Version Generation Logic

When caching is enabled (behavior is "auto" or "override"):

  1. If version_override is provided, that string is used directly as the cache version.
  2. If version_override is not provided, the system attempts to generate a version using a CodeBundle if available. This is typically for pre-compiled or pre-packaged tasks where the version is already computed.
  3. Otherwise, the system iterates through the configured policies to generate a composite hash. Each policy contributes a part to the overall version string, which is then SHA-256 hashed to produce the final cache version.

Cache Policies

Cache policies define the rules for generating a version string. A CachePolicy is a protocol that requires a get_version method. This method receives a salt and VersionParameters object, which provides context such as the task's function, container image, or code bundle information.

FunctionBodyPolicy

The FunctionBodyPolicy is a common default policy. It generates a version by hashing the Abstract Syntax Tree (AST) of the task's Python function body, combined with the provided salt. This ensures that any change in the function's logic or structure invalidates the cache. This policy is highly effective for ensuring cache invalidation when the task's implementation changes.

Custom Cache Policies

Developers can implement custom CachePolicy objects to define bespoke versioning logic.
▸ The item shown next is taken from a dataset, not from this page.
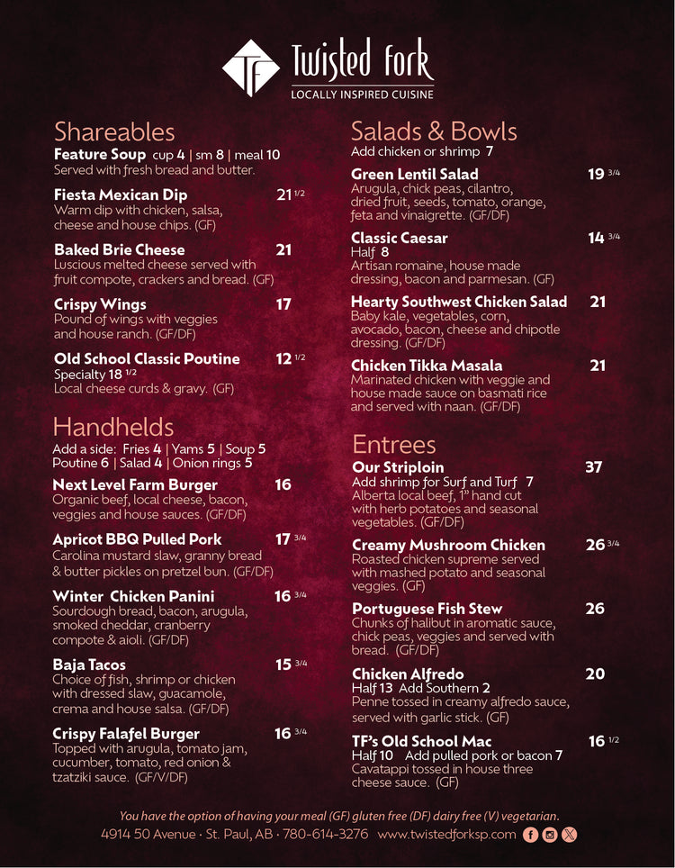 Twisted Fork Restaurant View Our Menu Locally Inspired Cuisine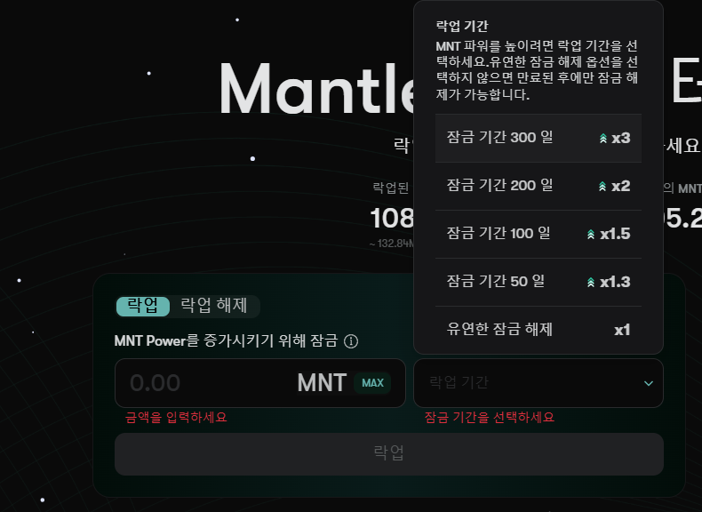 ▶ 아래와 같이 락업 기간에 따라 보너스 파워가 붙음. 하지만 기간이 길어지면 맨틀 코인 하락시 자산 손실이 있으므로 주의해야함.

For example, a policy could hash specific external data dependencies, or even a timestamp to force periodic invalidation.

import hashlib
from flytekit.core.cache import CachePolicy, VersionParameters # Assuming these are imported

class MyCustomFunctionHashPolicy(CachePolicy):
def get_version(self, salt: str, params: VersionParameters) -> str:
# This example policy hashes the function's name and the salt.
# In a real scenario, you might hash external data identifiers or other metadata.
if params.func:
data_to_hash = f"{params.func.__name__}-{salt}".encode("utf-8")
return hashlib.sha256(data_to_hash).hexdigest()
return ""

# Using a custom policy
# You can combine custom policies with default ones or use only custom ones.
cache_config_custom_policy = Cache(
behavior="auto",
policies=[MyCustomFunctionHashPolicy()]
)

Note: The VersionParameters object currently provides func, image, and code_bundle. For policies that need to inspect task inputs for versioning, the underlying system would need to provide access to those inputs during version generation. The ignored_inputs parameter on the Cache object handles input-based exclusion at a higher level.
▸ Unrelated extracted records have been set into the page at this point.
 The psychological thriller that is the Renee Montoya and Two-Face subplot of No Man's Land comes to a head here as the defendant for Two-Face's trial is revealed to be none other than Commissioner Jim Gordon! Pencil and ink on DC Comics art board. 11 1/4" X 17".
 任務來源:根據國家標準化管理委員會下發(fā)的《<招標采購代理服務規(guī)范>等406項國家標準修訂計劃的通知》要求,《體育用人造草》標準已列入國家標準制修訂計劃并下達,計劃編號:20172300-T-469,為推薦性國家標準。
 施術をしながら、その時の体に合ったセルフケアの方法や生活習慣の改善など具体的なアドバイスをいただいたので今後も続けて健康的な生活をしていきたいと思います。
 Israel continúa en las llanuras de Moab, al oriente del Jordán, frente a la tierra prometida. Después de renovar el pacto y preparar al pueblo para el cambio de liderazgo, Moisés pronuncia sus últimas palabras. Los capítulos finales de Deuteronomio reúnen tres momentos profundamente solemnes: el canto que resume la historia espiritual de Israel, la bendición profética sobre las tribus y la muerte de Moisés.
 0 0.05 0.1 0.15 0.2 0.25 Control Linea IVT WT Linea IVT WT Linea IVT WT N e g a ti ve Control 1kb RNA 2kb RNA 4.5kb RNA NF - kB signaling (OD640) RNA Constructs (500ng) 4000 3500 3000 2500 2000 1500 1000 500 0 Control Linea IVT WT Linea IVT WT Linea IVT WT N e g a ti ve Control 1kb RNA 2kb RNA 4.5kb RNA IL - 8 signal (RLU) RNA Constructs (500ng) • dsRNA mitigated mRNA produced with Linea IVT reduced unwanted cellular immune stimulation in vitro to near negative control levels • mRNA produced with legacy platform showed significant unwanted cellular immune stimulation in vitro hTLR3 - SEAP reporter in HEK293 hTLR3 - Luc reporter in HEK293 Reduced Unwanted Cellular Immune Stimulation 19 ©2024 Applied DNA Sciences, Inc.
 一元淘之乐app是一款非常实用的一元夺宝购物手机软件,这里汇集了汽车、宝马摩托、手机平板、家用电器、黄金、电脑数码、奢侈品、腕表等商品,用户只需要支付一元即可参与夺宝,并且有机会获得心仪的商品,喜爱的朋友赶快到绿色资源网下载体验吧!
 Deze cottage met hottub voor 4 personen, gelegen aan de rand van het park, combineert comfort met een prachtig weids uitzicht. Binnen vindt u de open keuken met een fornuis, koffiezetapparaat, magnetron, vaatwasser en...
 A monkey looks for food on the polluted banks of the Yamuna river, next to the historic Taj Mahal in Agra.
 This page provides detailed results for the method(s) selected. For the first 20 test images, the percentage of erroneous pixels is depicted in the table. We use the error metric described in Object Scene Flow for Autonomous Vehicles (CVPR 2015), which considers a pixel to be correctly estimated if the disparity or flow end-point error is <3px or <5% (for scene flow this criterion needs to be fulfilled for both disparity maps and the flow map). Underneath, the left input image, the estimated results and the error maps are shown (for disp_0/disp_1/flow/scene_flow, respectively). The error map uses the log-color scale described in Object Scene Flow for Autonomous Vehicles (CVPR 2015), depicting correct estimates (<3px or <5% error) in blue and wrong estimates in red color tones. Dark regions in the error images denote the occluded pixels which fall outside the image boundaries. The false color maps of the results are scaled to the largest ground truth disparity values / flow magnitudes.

Best Practices and Considerations

  • When to use version_override: Use version_override when you need absolute control over cache invalidation, such as during development iterations where you frequently change code but want to force a re-run, or when deploying a new version of a model that should always re-compute. Be cautious, as manual overrides can lead to stale caches if not managed carefully.
  • Impact of ignored_inputs: Carefully select inputs to ignore. Only exclude inputs that genuinely do not affect the task's output. Incorrectly ignoring an input can lead to incorrect cached results being reused.
  • Serialization for Concurrency: The serialize=True option is crucial for tasks that are expensive to run and frequently invoked with identical inputs concurrently. It prevents resource contention and ensures consistent results by funneling all identical requests through a single execution.
  • Performance: Caching significantly boosts performance by avoiding re-execution. However, the version generation process itself (especially complex custom policies) adds a small overhead. This overhead is typically negligible compared to the savings from avoiding task execution.
  • Debugging Cache Misses: If a task is unexpectedly re-executing, verify the behavior setting, check for changes in version_override, and inspect the policies to understand how the version hash is being generated. Changes in function body, dependencies, or even the salt can trigger a cache miss.
  • Immutability of Cached Data: Ensure that tasks produce deterministic outputs for given inputs. If a task's output can vary even with identical inputs (e.g., due to external non-deterministic factors), caching might lead to inconsistent results. In such cases, consider disabling caching or using a version_override that changes frequently.